What is the oxidation number of H in the compound NaHSO4?

The oxidation number of H in NaHSO4 is +1. In this compound, Na has an oxidation state of +1, S has an oxidation state of +6, and O has an oxidation state of -2. By adding up the oxidation states and solving for H, it is determined to be +1.


What is the oxidation state of Sodium Nitrate?

Sodium Oxide, or NaOH, has no oxidation state. It has a charge, which is zero. The elements that make up NaOH, however, do have oxidation states. The oxidation state of sodium (Na) is +1, and it will forever be +1 because it is impossible for it to be anything else, no matter what situation. The same applies for Hydrogen.
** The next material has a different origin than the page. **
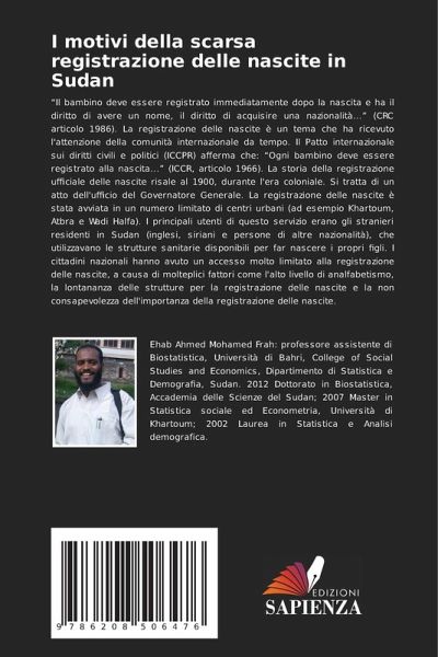 "Il bambino deve essere registrato immediatamente dopo la nascita e ha il diritto di avere un nome, il diritto di acquisire una nazionalità..." (CRC articolo 1986). La registrazione delle nascite è un tema che ha ricevuto l'attenzione della comunità internazionale da tempo. Il Patto internazionale sui diritti civili e politici (ICCPR) afferma che: "Ogni bambino deve essere registrato alla nascita..." (ICCR, articolo 1966). La storia della registrazione ufficiale delle nascite risale al 1900, durante l'era coloniale. Si tratta di un atto dell'ufficio del Governatore Generale. La registrazione delle nascite è stata avviata in un numero limitato di centri urbani (ad esempio Khartoum, Atbra e Wadi Halfa). I principali utenti di questo servizio erano gli stranieri residenti in Sudan (inglesi, siriani e persone di altre nazionalità), che utilizzavano le strutture sanitarie disponibili per far nascere i propri figli. I cittadini nazionali hanno avuto un accesso molto limitato alla registrazione delle nascite, a causa di molteplici fattori come l'alto livello di analfabetismo, la lontananza delle strutture per la registrazione delle nascite e la non consapevolezza dell'importanza della registrazione delle nascite.

Oxygen has an oxidation state of -2, and almost always will have an oxidation state of -2. There is one notable exception: H2O2. In this case, since the total charge of the compound is neutral and the oxidation state of Hydrogen must be +1 and, seeing as there are two hydrogens, bringing the overall charge up to 2, the oxidation state of oxygen must be -1. If it was -2, then the molecule would have an overall charge of -2.


What is the oxidation number in NaNO3?

The oxidation number of Na in NaNO3 is +1, since Na typically has a +1 oxidation state in compounds. The oxidation number of N in NO3 is +5, since oxygen is usually assigned a -2 oxidation state and there are three oxygen atoms bonded to nitrogen in NO3.